Quantizing tangent frames

I’ve been working on tangent space generation recently, and also pondering the tradeoffs between QTangent and normal-angle storage. So when, in a completely unrelated discussion, someone said “you could store tangent and normal as two RGB10A2 attributes”, I decided I should measure this once and for all and write it up.

This is going to be a quick post that doesn’t intend to do any original research. Instead it aggregates the research that other people have done, and examines different representations from an accuracy point of view. Some of these are common or obvious, but some are sufficiently obscure that people may not have heard of them.

So say you have a vertex and you would like to store tangent frames in it. Memory is at a premium and memory bandwidth is always valuable to conserve; what representation do you choose?

Bitangent and orthogonality

First of all, we will assume that your tangent frames are orthogonal: tangent is orthogonal to the normal, and bitangent1 is orthogonal to both of them. The former is generally true if you use MikkTSpace for tangent construction2. The latter is not generally true even if you use MikkTSpace - as it will happily generate a tangent frame with bitangent and tangent not really orthogonal to each other, and is correct to do so when the UV mapping is skewed.
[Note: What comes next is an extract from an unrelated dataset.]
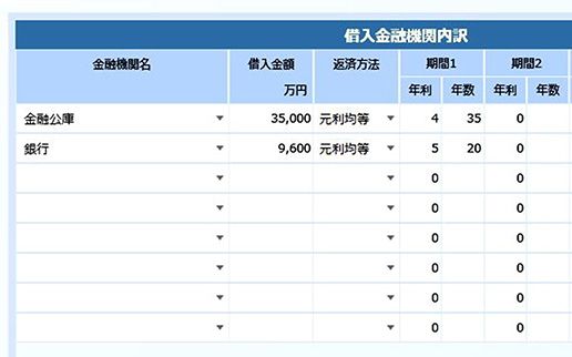 借入機関毎に借入金額・期間を入力し、返済方式を「元利均等」「元金均等」「ステップ」から選択できます。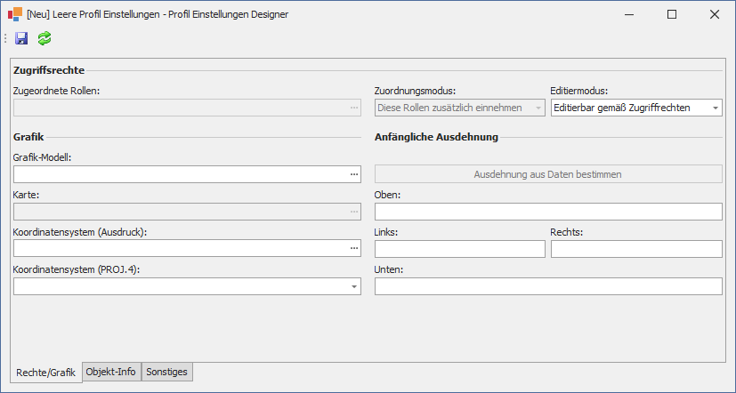 Das Formular Profil-Einstellungen Designer enthält mehrere Register.

However, almost every production renderer in existence throws bitangents away and reconstructs them as cross(normal, tangent.xyz) * tangent.w; yours should too - this is a common convention and an extra vector is too much overhead to store.

It is common to do this reconstruction in the fragment shader: this is cheap and reduces interpolation cost. Technically, bitangent reconstruction in the fragment shader produces different results compared to doing it in the vertex shader; if you use normal map baking workflows, your baker likely allows you to choose between these; otherwise it’s unlikely to matter for rendering quality. Everything else we discuss here is presumed to run in the vertex/mesh shader.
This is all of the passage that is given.